Шрифт:
Вот такое преодоление гордости почетнее и труднее…
Искусство есть в существе своем движение и начинается от желания лучшего: хочется лучшего, чем данное…
В молодости мы очень богаты жизнью и охотно всем в долг раздаем свои богатства, но когда под старость пойдем долги собирать — никто не дает, И это очень обидно. И вот почему так редко встречаются добрые: в старости видеть добро мешает обида.
Если же постараться и суметь обойти свою обиду, то какие же люди все добрые!

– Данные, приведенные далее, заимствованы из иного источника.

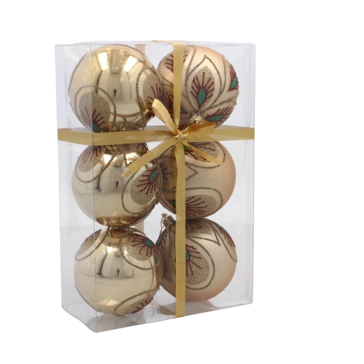 Adj ünnepeidnek kifinomult hangulatot! Az arany és pezsgő tónusú, összehangolt gömbszett a fényes, matt és csillogó felületek kiegyensúlyozott kombinációját kínálja. Finom vonalvezetésű minták, csillámos részletek és pávaszem motívumok gondoskodnak a látványos fényjátékról, amely hagyományos és modern fákon egyaránt remekül érvényesül.
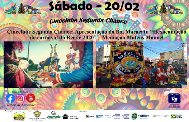 Este fim de semana está arretado de bom com várias apresentações artísticas, oficinas e cineclube “Segunda Chance” em nossa II edição mostra exposição boi maracatu mantendo a tradição de forma remota e disponibilizando acessibilidade para surdos e ensurdecidos. As Lives ficarão disponíveis sempre a partir das 19h00 nos canais oficiais da LICBOIS de Arcoverde (Facebook, Instagram e Youtube), não se esqueçam de curtir, comentar e compartilhar.
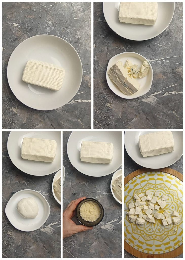 In der Zwischenzeit bereite die Käsesorten vor, die du für das Rezept benötigst.
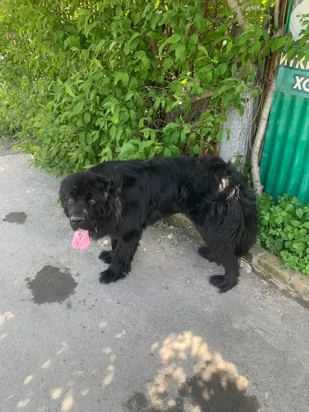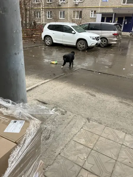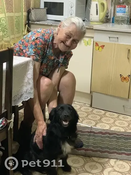 Дворняжка- метис , черная с белой галочкой на груди, ей 3 года, попала к нам из приюта. Мила очень ласковая , дружелюбная, не кусается, но очень напугана. На ней черный ошейник и поводок- рулетка с синей ручкой.
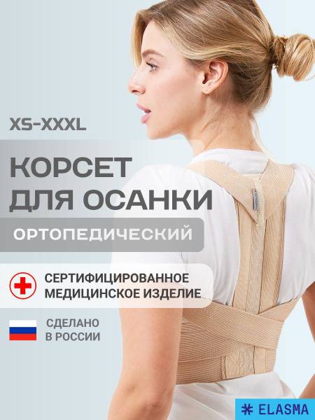 Posture corrector, back support, orthopedic back brace, spine support, posture brace, back pain relief, spinal alignment, osteochondrosis, thoracic spine support, ELASMA, posture correction, back corrector, upper back support, adjustable back brace, comfortable back brace, elastic back brace.
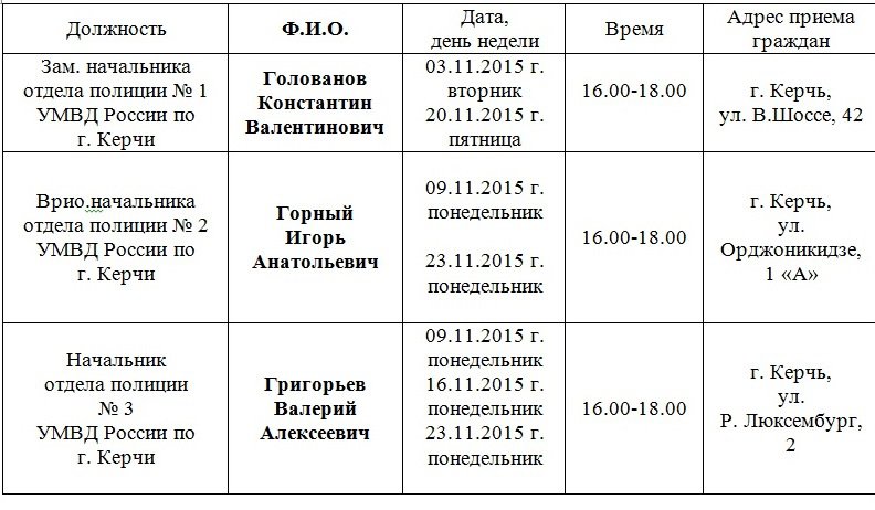 приема граждан начальниками отделов полиции УМВД России по г. Керчи
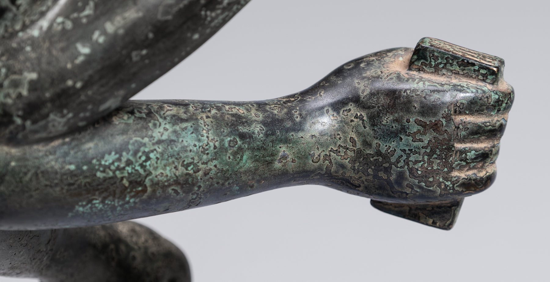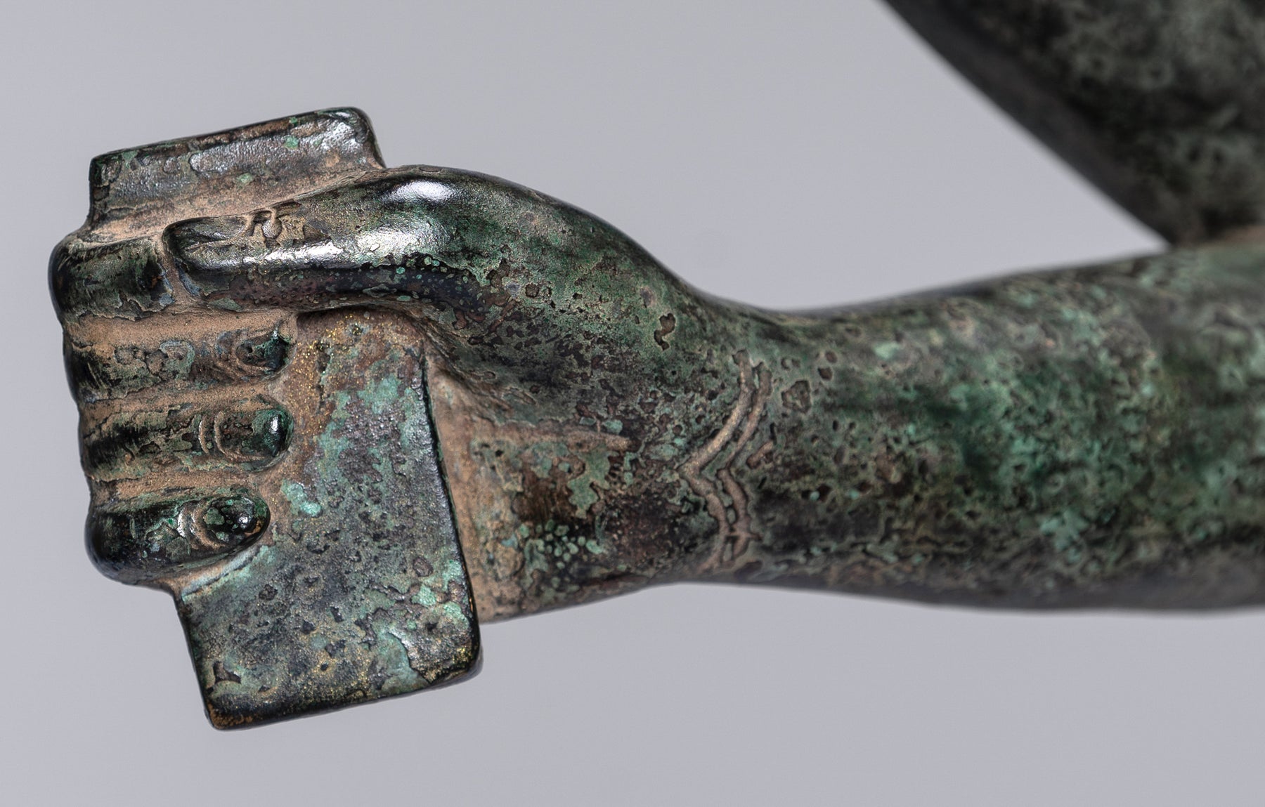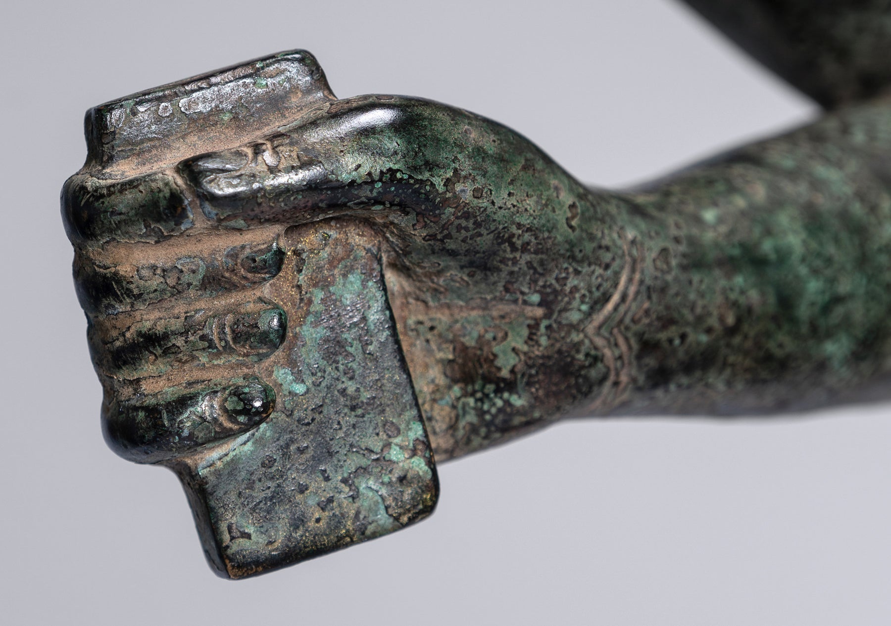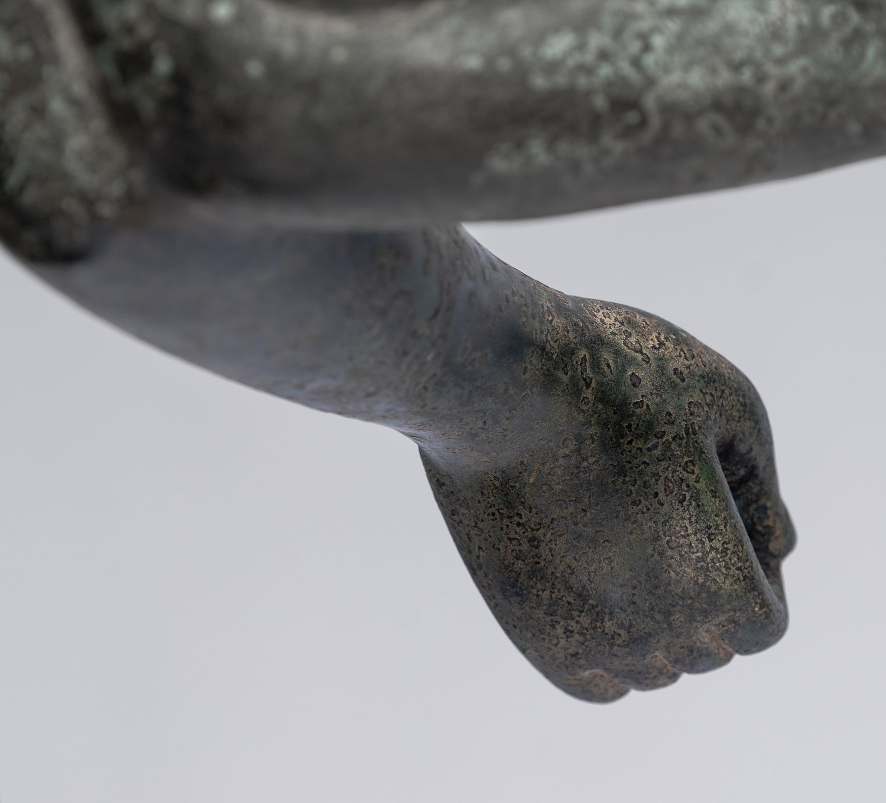 Here, Lokeshvara is standing in samapada with his arms radiating around him and clad in a short sampot with fishtail pleat and jeweled sash, the face with wide features surmounted by a cylindrical headdress adorned with a meditating Buddha.

На злое дело! — подскажи только — и всякий способен. На доброе — редкий. Зло сделать много легче добра. И все-таки мы живем и собираемся, жить в будущем лучше в том уповании, что добро побеждает зло.

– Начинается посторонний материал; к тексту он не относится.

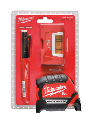 Sada ručního nářadí Milwaukee. Obsahující vodováhu, měřící pásmo a popisovač.
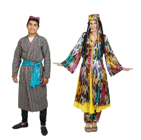 оловные уборы у мужчин-тюбетейки, чалмы; у женщин-платки. Традиционная обувь - кожаные сапожки на мягкой подошве. Девушки заплетали волосы в мелкие косички (до 40), остальные женщины – в две косы.
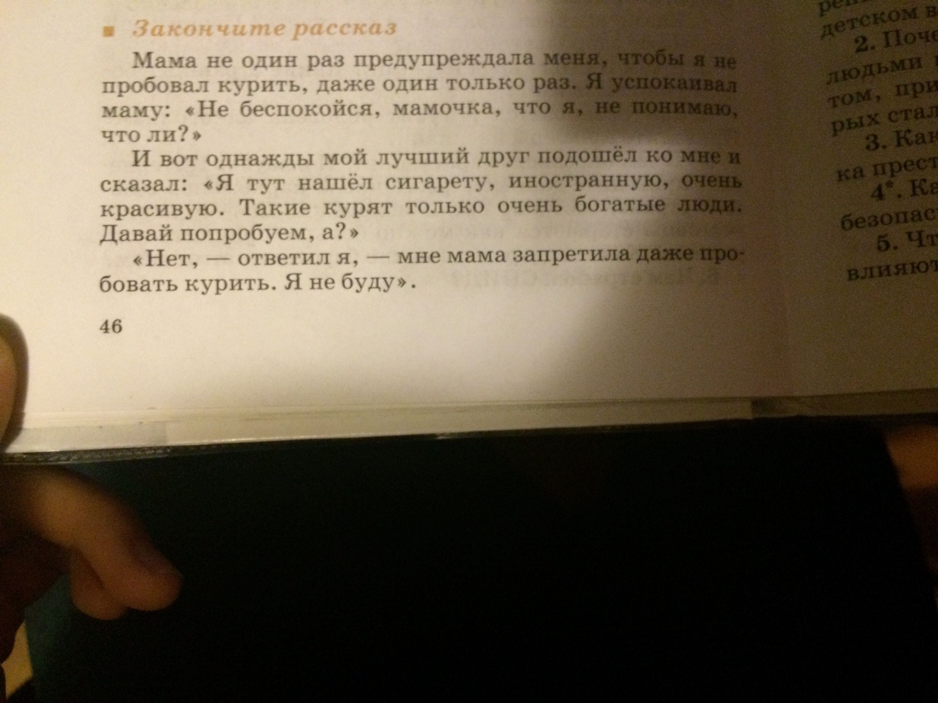 Взрослый и ответственный человек понимает, что в курении нет ничего классного. и лишь слабак может поддаётся соблазну плывет по течению, повторяя за глупыми курильщиками.
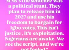 Actor Prince Eke says the life sentence handed to IPOB leader, Nnamdi Kanu, by the Federal High Court Abuja on Thursday, November 20, is a political stunt”. In a

Мы преодолеваем смерть личную, отдавая душу за друзей: в этом есть назначение смерти.
В добро или во зло было творчество, пойдет созданное на жизнь, или на смерть, — остается неизвестным до последнего звена в творчестве: нравственного синтеза, образующего поведение. До сих пор наука в отношении нравственного синтеза слова своего не сказала. Но искусство… сколько великих примеров!

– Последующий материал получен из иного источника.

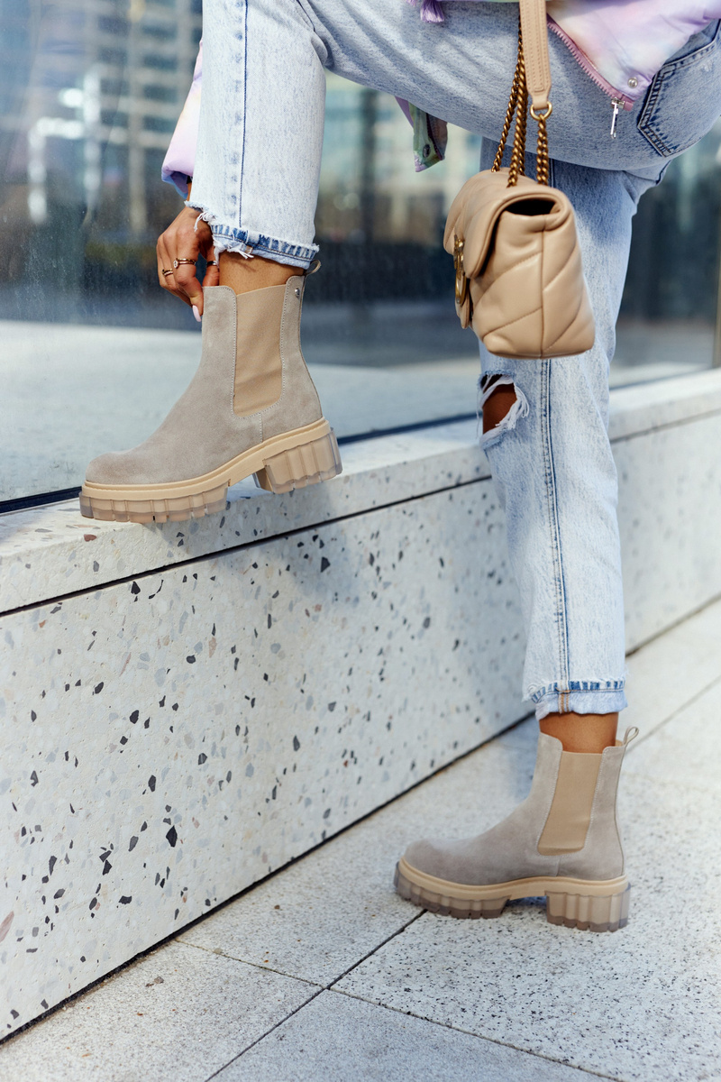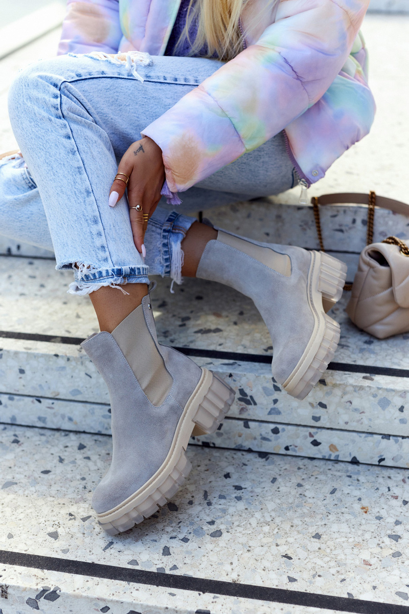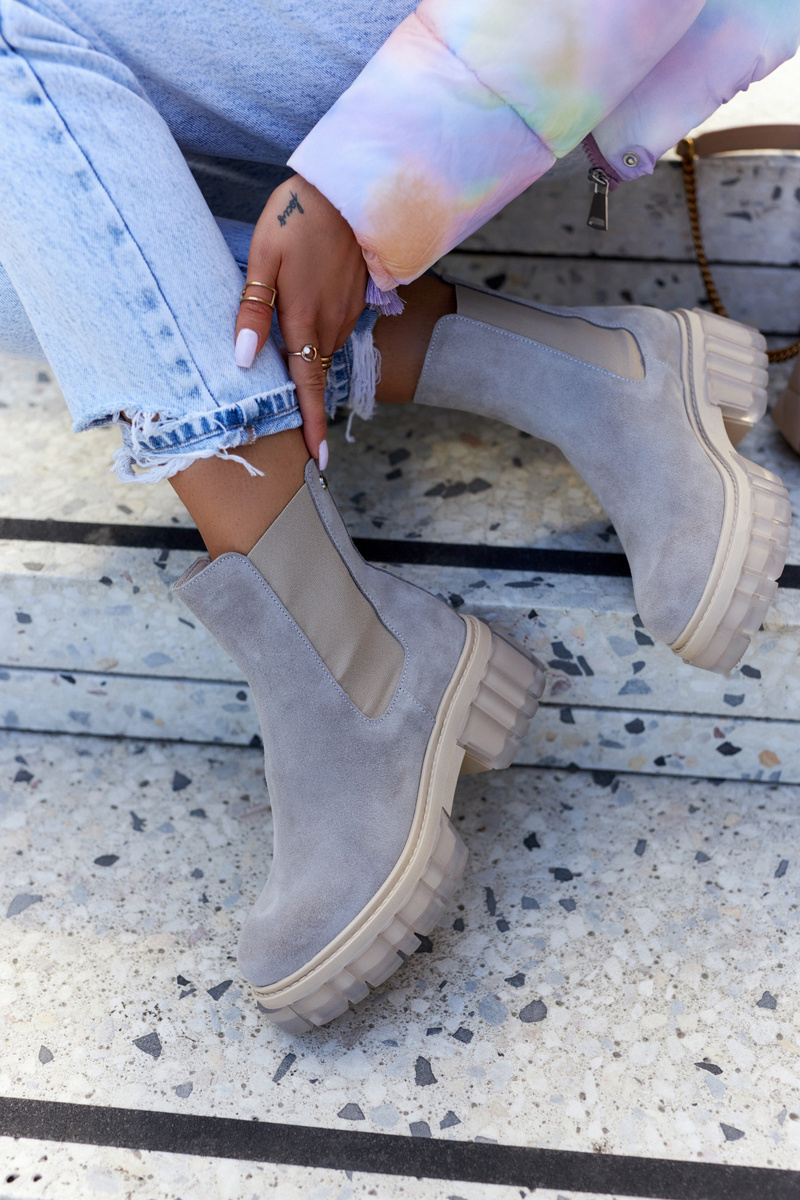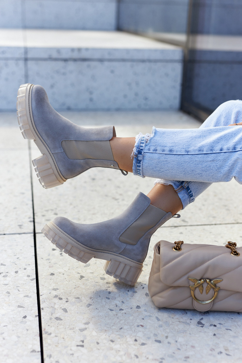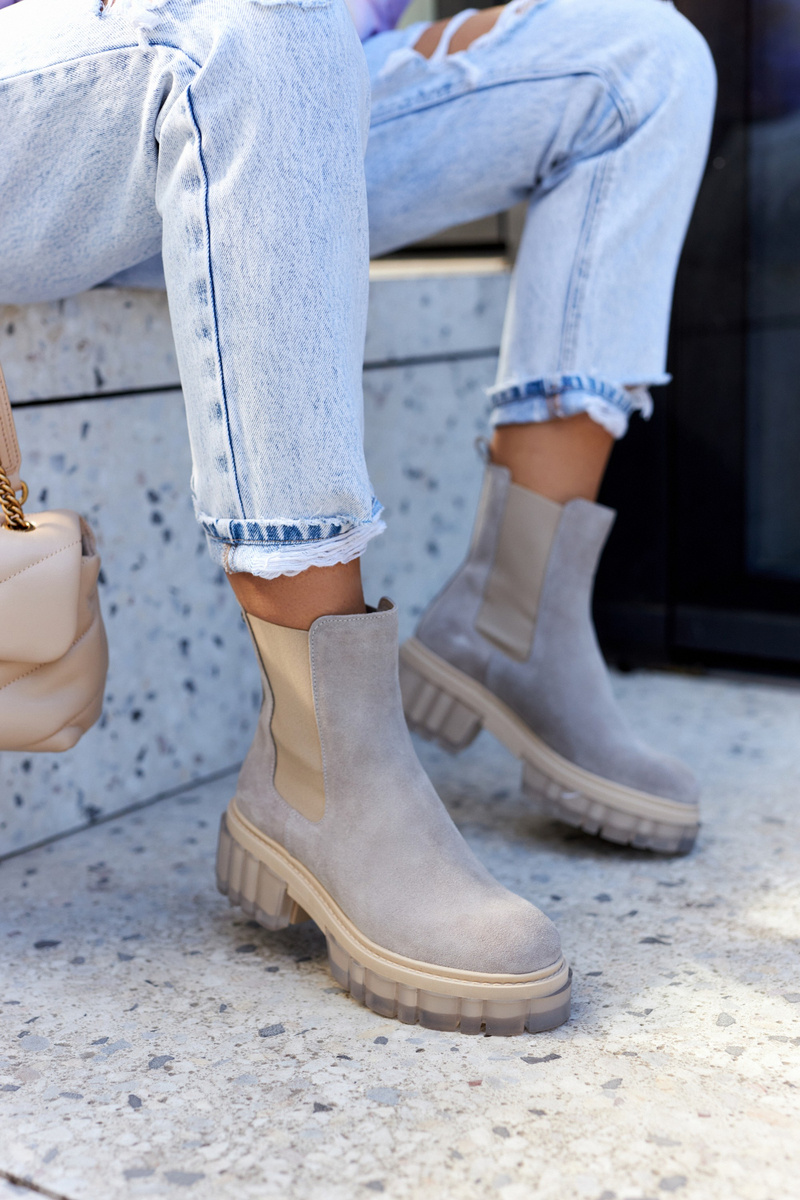 Kozačky na masivní platformě se širokým podpatkem ve stylu Chelsea boots. Mají vysoký svršek, sahající až nad kotník. Vyrobeno z přírodní semišové kůže. Mají dodatečnou pružnou vsadku, díky které se svršek dokonale přizpůsobí šířce nohavic. Boky podrážky zdobí průhledný, gumový materiál. Při výběru velikosti použijte tabulku velikostí

Так почему бы нам сейчас в самый страшный, небывалый, ответственный до невозможности момент осторожно не взять это на себя: мы должны в последний момент сказать свое слово, образующее поведение.
1947 год
Чувство родины в моем опыте есть основа творчества.
В поэзии (искусстве слова) происходит борьба неведомой стихии, похожей на воду, с рассуждением, похожим на берег, и победа бывает только, если вода размоет берег.
Какой чудесный вопрос художнику: видели ли вы в своей жизни красоту, и сколько раз, и при каких обстоятельствах?
В одном музее я заметил венецианскую люстру, похожую на цветок, но такой совершенной формы, какой не бывает в природе и какую мог создать только человек. А бывает, усталый где-нибудь присядешь на опушке леса и влюбишься в какой-нибудь простейший цветок вроде полевой незабудки и думаешь, разглядывая его проникновенно, что никакой человек не создавал и не создаст такой живой красоты.
Придет зима — вернешься к люстре: в хрустальных лепестках загораются огоньки, и тогда опять думаешь: «Нет, такой совершенной формы не существует в природе!»
Но как же незабудка-то летняя?
И, вспомнив ее, спрашиваешь: «Где она теперь?» И сам себе отвечаешь: «Глубоко под снегом лежат ее истлевшие листочки, и не найдешь их новой весной, и не заменит ее новым летом новый цветок». Напротив, встретив другой, подобный, я загрущу, и отвернусь, и скажу:
— Дайте мне ту мою единственную незабудку, только тогда я и тебе, моя хорошая, тоже обрадуюсь!
Прелесть живого цветка подчеркнута непременной и близкой смертью его. Своей красотой он как бы обращается ко мне словами:
«Возьми меня, человек, я тебе отдаюсь и вверяюсь, возьми и спаси меня от неминучей смерти».
И вот какой-то человек взял смертный цветок и создал бессмертный из хрусталя.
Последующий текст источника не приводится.